User study favors the BERT scalarizer: 57% of participants found the BERT scalarizer more faithful than Log Prob (with only 35% preferring Log Prob), and 64% preferred BERT overall. Text-only access is not necessarily inferior to logit access.
C-LIME vs L-SHAP: Both perform almost on par in automatic evaluation, but C-LIME significantly outperforms L-SHAP in the user study (\(p=0.011\)).

Highlights & Insights¶

Elegant and practical scalarizer concept: Decoupling the measurement of output changes into a pluggable module allows the framework to adapt to both logit-based and API-only (black-box) scenarios. This abstraction can be transferred to any scenario requiring attribution on generative models.
Simple yet effective modifications in C-LIME: Restricting the number of perturbations to \(O(d)\) and keeping the simultaneous perturbation size constant controls computation costs while improving faithfulness. This trick can be applied to all LIME-based explanation methods.
Multi-level attribution analogous to binary search: Progressively focusing from the sentence level down to phrase and word levels balances efficiency and accuracy. This strategy functions essentially as an adaptive-resolution approach.

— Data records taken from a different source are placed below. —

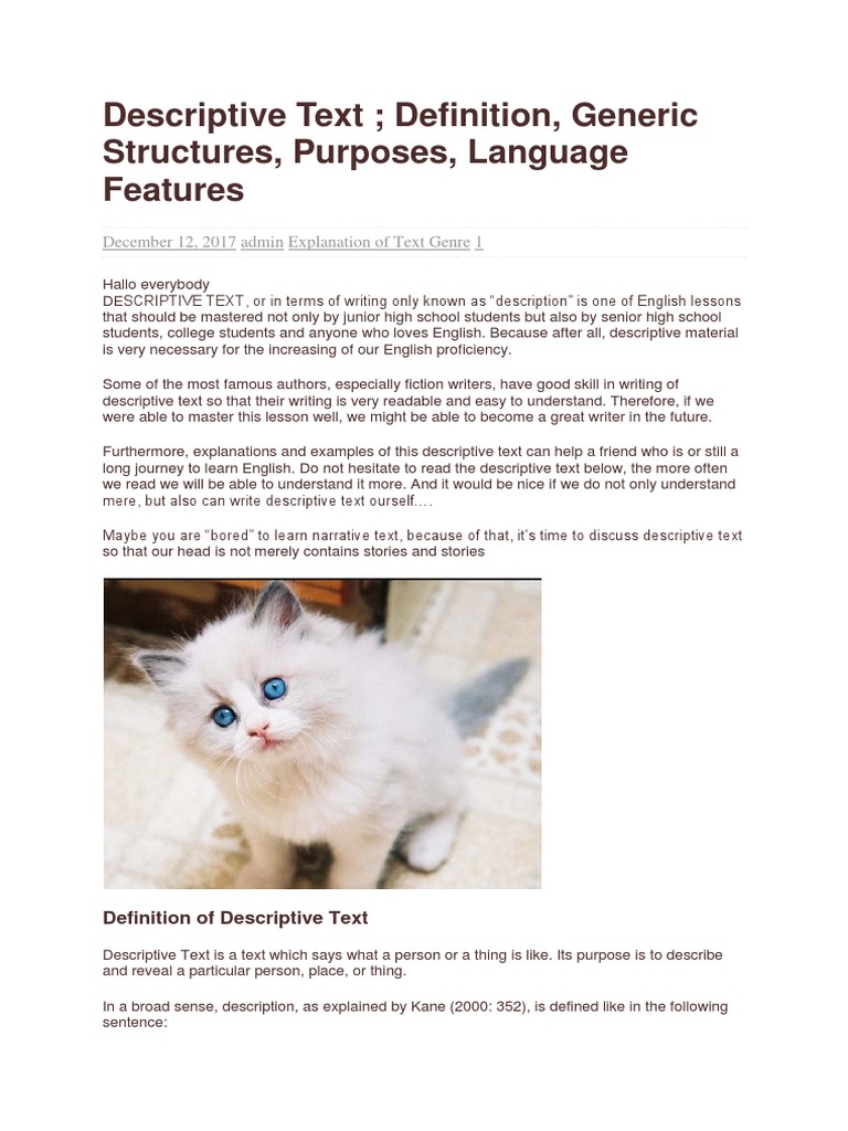 Descriptive Tex1 2 Pdf Garlic Foods from imgv2-1-f.scribdassets.com 3 october 2011 by rosalia. Descriptive text about animal beserta artinya. Descriptive text function explain about animal, person, or place that describe parts, qualities or characteristics. Jika kamu memang kesulitan untuk membuatnya. 48 contoh descriptive text hewan dalam bahasa inggris dan artinya. Sebelum kita ke pembahasan sahabat ulat semua harus faham betul bahwa tujuan dari descriptive text adalah mendeskripsikan atau menggambarkan dan yang digambarkan adalah hewan, barang, seseorang, atau tempat, dan karena kita kali ini akan membahas cara mendeskripsikan hanya hewan saja. Mulai dari descriptive text, recount text, , narrative text, report text serta berbagai jenis teks yang lain. Ada juga yang buas/liar hidup di hutan atau kebun binatang misalnya jerapah (giraffe) serta gajah (elephant).
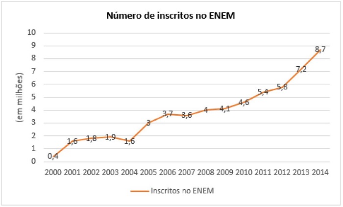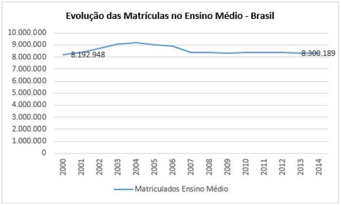 Em contrapartida ao aumento significativo da demanda pelo Exame, o crescimento do número de estudantes matriculados no ensino médio, principal público do ENEM, estagnou-se no período. Segundo o MEC (http://portal.inep.gov.br/basica-censo-escolar-sinopse-sinopse, acesso em 12/08/2015 às 17h20), os matriculados no ensino médio cresceram 1,30% de 2000 até 2014. Em números absolutos, houve um aumento de 8.192.948 para 8.300.189 estudantes. O Gráfico 2 ilustra a evolução das matrículas de estudantes do ensino médio no Brasil.
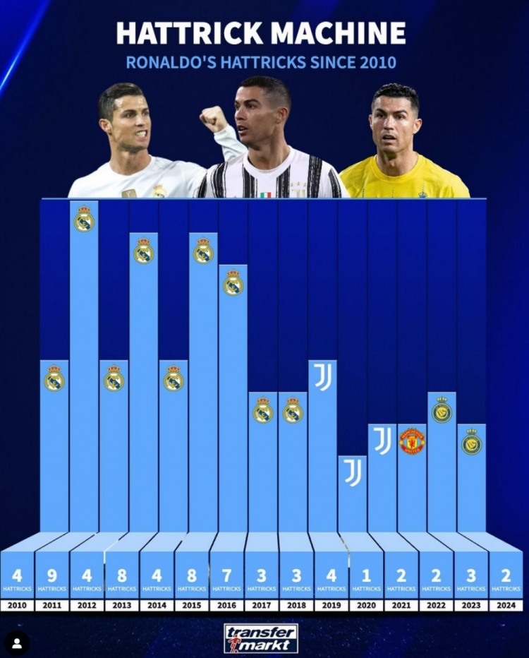 4月5日讯 39岁C罗已经连续两场在沙特联上演帽子戏法,德转也盘点了C罗自2010年来历年完成帽子戏法次数,具体如下:
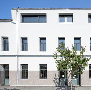 « Outre l’amélioration de la performance thermique des bâtiments, ces travaux visaient à harmoniser des façades hétérogènes aux couleurs différentes. Le blanc et le gris apportent l’unité recherchée. En soubassement, les briquettes protègent le mur des chocs inévitables dans une cour d’école et leur matériau, plus souple que la terre cuite, présente un contact plus doux pour les enfants. » Yves Parent, architecte agence Mûrisserie
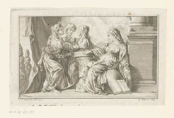 Theodor Matham created this engraving, "Mystical Marriage of Saint Catherine," likely in the mid-17th century. An engraving like this begins with a polished metal plate, usually copper, into which the design is carefully incised with a tool called a burin. Look closely, and you can see how the artist has modulated the lines to create shading and depth, a testament to Matham’s skill and the labor-intensive process of engraving, requiring meticulous craftsmanship. This print would have been made by inking the plate, wiping the surface clean, and then running it through a press, transferring the image to paper. Prints like this played a crucial role in disseminating images and ideas in early modern Europe, acting as a form of mass media before photography. By understanding the process of its creation, we recognize the engraving not just as a work of art, but as a product of a specific time, technology, and social context.

Limitations & Future Work¶

Only local explanations are provided: It can only explain individual generations and cannot reveal the global behavioral patterns of the model.
Scalarizer choice is task-dependent: The optimal scalarizer varies across different task-model combinations, and an automated selection mechanism is lacking.
Simple deletion-based perturbation: The paper notes that more complex perturbation strategies (e.g., using masked language models for replacement) might yield better results but would introduce additional complexity.
Scalability: While the multi-level strategy reduces the number of queries, efficiency bottlenecks may still arise for very long documents (e.g., entire books).

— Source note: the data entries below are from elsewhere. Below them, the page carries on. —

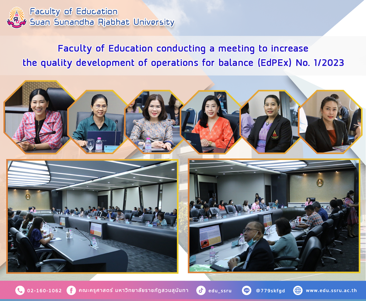 February 23, 2024, from 9:00 a.m. to 12:00 p.m., led by Assistant Professor Dr. Kannika Piromrat, Dean of the Faculty of Education. Assistant Professor Dr.Boonrudee Udomphol, Deputy Dean for Planning and Quality Assurance, and Ms.Pattaraporn Hussadee, Planning and Quality Assurance Officer I attended the meeting of the committee driving the development of educational quality for excellence (EdPEx) at Suan Sunandha Rajabhat University. Academic year 2023, No. 1/2023, at the University Council meeting room, 5th floor, Building 31
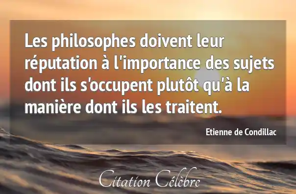 Les philosophes doivent leur réputation à l'importance des sujets dont ils s'occupent plutôt qu'à la manière dont ils les traitent.
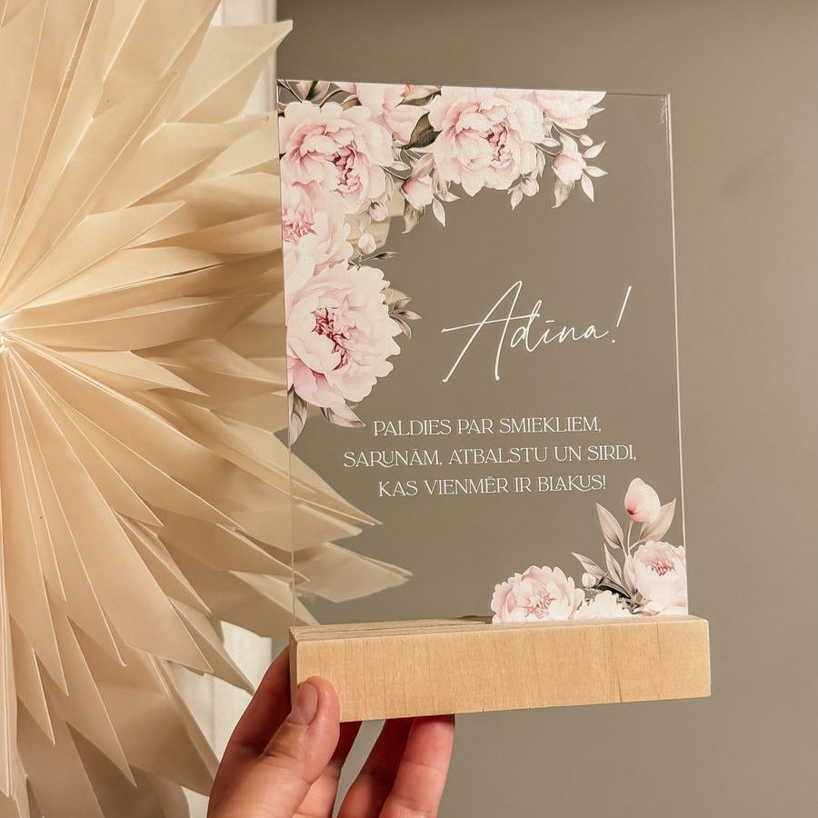 Dekora izmērs 15x21 cm + 2 cm koka statīvs (iekļauts komplektā)

vs PartitionSHAP: P-SHAP produces independent attributions for each output token, requiring the user to select an output token to explain. MExGen aggregates the entire output via a scalarizer, generating a more intuitive, single attribution score.
vs CaptumLIME: CaptumLIME uses standard LIME sampling (thousands of queries) and must access logits. C-LIME restricts sampling to \(O(d)\) times and supports text-only access.
vs LLM Self-Explanation: Self-explanations are convenient but unfaithful—models might generate plausible-sounding explanations that do not reflect their internal behavior. MExGen provides more reliable behavioral analysis through systematic perturbation.
vs ContextCite: Independent concurrent work that also extends LIME to generative models, but operates only at a single granularity, lacking multi-level capabilities.

Rating¶

Novelty: ⭐⭐⭐ The framework combines existing techniques (LIME, multi-level analysis, scalarizers), but does so in a systematic and effective manner.
Experimental Thoroughness: ⭐⭐⭐⭐⭐ Evaluated across 3 datasets, 5 LLMs, automatic evaluation, user studies, cross-scalarizer evaluation, and multiple baselines.
Writing Quality: ⭐⭐⭐⭐ Clear structure, thorough experimental design, and an open-source toolkit.
Value: ⭐⭐⭐⭐ Provides a practical tool for the real-world explainability of generative LLMs.